▶ SOURCE INFORMATION:

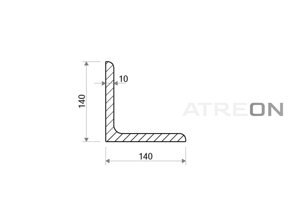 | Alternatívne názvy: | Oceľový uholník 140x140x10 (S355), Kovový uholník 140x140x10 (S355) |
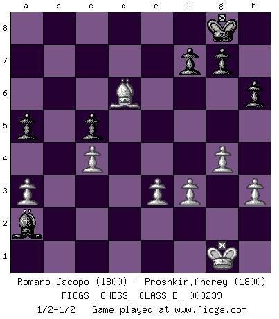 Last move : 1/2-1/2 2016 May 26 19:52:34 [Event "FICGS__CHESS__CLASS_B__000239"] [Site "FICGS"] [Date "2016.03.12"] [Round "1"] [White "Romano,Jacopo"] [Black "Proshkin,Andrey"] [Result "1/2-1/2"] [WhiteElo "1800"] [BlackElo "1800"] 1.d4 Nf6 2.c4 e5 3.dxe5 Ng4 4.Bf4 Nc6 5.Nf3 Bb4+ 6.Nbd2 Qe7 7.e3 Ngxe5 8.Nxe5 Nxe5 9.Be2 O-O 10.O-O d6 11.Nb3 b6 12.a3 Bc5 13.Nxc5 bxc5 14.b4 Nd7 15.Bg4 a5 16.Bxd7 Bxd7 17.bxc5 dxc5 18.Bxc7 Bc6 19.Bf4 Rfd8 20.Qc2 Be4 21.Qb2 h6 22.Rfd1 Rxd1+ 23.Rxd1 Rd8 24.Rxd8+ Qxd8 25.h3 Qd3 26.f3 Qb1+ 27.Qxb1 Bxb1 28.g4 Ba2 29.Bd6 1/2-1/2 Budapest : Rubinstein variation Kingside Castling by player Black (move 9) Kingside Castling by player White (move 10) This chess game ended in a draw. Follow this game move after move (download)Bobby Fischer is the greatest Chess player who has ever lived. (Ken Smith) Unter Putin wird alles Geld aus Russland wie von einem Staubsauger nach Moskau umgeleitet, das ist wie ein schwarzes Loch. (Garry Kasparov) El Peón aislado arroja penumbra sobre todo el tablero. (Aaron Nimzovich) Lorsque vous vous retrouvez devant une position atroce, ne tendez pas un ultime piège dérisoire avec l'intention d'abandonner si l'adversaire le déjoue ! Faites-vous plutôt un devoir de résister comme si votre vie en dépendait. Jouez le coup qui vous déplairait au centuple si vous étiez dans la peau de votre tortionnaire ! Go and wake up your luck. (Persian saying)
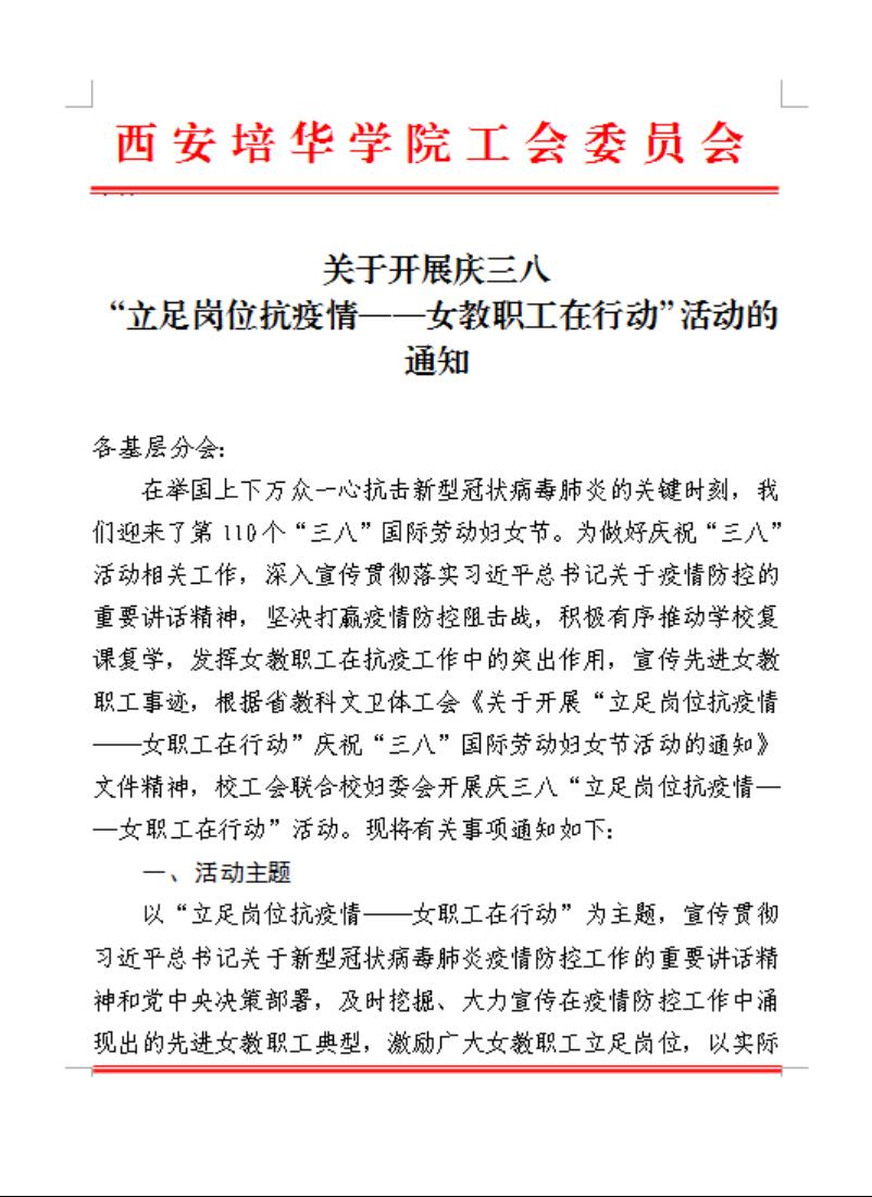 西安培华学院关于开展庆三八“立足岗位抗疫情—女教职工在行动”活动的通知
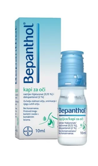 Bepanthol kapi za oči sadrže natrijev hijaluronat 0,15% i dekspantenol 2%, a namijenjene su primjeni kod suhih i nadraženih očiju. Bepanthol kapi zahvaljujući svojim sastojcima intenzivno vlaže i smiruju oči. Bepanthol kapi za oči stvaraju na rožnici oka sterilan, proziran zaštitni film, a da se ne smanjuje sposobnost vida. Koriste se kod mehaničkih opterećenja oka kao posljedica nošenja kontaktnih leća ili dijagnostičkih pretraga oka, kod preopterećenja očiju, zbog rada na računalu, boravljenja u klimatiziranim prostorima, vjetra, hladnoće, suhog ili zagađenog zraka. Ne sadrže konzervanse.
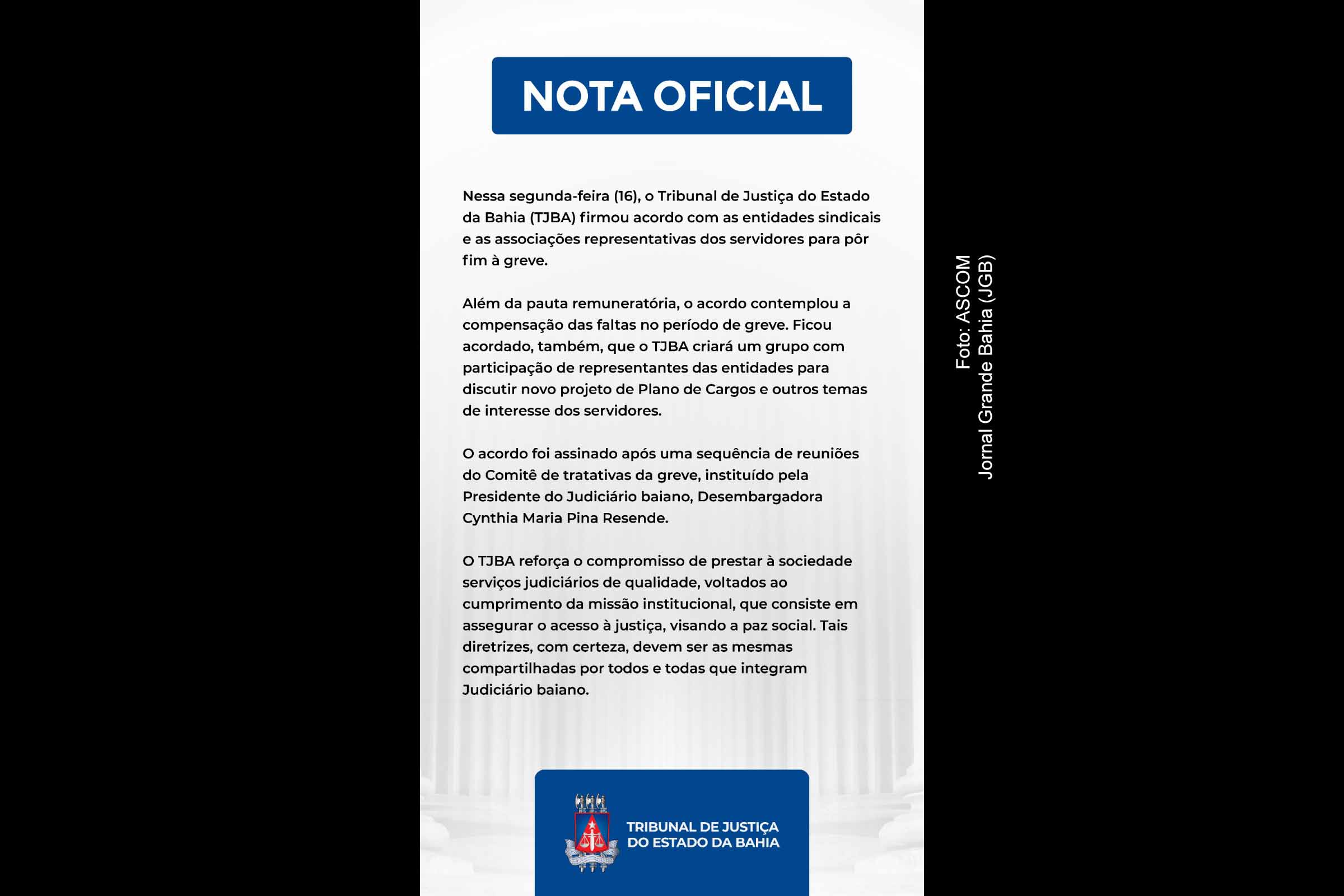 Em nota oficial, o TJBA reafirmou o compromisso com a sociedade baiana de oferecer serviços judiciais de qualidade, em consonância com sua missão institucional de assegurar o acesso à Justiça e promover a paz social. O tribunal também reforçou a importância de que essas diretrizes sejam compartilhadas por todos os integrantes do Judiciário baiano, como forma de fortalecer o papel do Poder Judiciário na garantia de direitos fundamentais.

▶ DIRECTIONS FOR THIS TASK: Across all the lines above, repeat the wording exactly and omit the pictures.

▶ SOLUTION TO THIS PROBLEM:
 | Alternatívne názvy: | Oceľový uholník 140x140x10 (S355), Kovový uholník 140x140x10 (S355) |
 Last move : 1/2-1/2 2016 May 26 19:52:34 [Event "FICGS__CHESS__CLASS_B__000239"] [Site "FICGS"] [Date "2016.03.12"] [Round "1"] [White "Romano,Jacopo"] [Black "Proshkin,Andrey"] [Result "1/2-1/2"] [WhiteElo "1800"] [BlackElo "1800"] 1.d4 Nf6 2.c4 e5 3.dxe5 Ng4 4.Bf4 Nc6 5.Nf3 Bb4+ 6.Nbd2 Qe7 7.e3 Ngxe5 8.Nxe5 Nxe5 9.Be2 O-O 10.O-O d6 11.Nb3 b6 12.a3 Bc5 13.Nxc5 bxc5 14.b4 Nd7 15.Bg4 a5 16.Bxd7 Bxd7 17.bxc5 dxc5 18.Bxc7 Bc6 19.Bf4 Rfd8 20.Qc2 Be4 21.Qb2 h6 22.Rfd1 Rxd1+ 23.Rxd1 Rd8 24.Rxd8+ Qxd8 25.h3 Qd3 26.f3 Qb1+ 27.Qxb1 Bxb1 28.g4 Ba2 29.Bd6 1/2-1/2 Budapest : Rubinstein variation Kingside Castling by player Black (move 9) Kingside Castling by player White (move 10) This chess game ended in a draw. Follow this game move after move (download)Bobby Fischer is the greatest Chess player who has ever lived. (Ken Smith) Unter Putin wird alles Geld aus Russland wie von einem Staubsauger nach Moskau umgeleitet, das ist wie ein schwarzes Loch. (Garry Kasparov) El Peón aislado arroja penumbra sobre todo el tablero. (Aaron Nimzovich) Lorsque vous vous retrouvez devant une position atroce, ne tendez pas un ultime piège dérisoire avec l'intention d'abandonner si l'adversaire le déjoue ! Faites-vous plutôt un devoir de résister comme si votre vie en dépendait. Jouez le coup qui vous déplairait au centuple si vous étiez dans la peau de votre tortionnaire ! Go and wake up your luck. (Persian saying)
 西安培华学院关于开展庆三八“立足岗位抗疫情—女教职工在行动”活动的通知
 Bepanthol kapi za oči sadrže natrijev hijaluronat 0,15% i dekspantenol 2%, a namijenjene su primjeni kod suhih i nadraženih očiju. Bepanthol kapi zahvaljujući svojim sastojcima intenzivno vlaže i smiruju oči. Bepanthol kapi za oči stvaraju na rožnici oka sterilan, proziran zaštitni film, a da se ne smanjuje sposobnost vida. Koriste se kod mehaničkih opterećenja oka kao posljedica nošenja kontaktnih leća ili dijagnostičkih pretraga oka, kod preopterećenja očiju, zbog rada na računalu, boravljenja u klimatiziranim prostorima, vjetra, hladnoće, suhog ili zagađenog zraka. Ne sadrže konzervanse.
 Em nota oficial, o TJBA reafirmou o compromisso com a sociedade baiana de oferecer serviços judiciais de qualidade, em consonância com sua missão institucional de assegurar o acesso à Justiça e promover a paz social. O tribunal também reforçou a importância de que essas diretrizes sejam compartilhadas por todos os integrantes do Judiciário baiano, como forma de fortalecer o papel do Poder Judiciário na garantia de direitos fundamentais.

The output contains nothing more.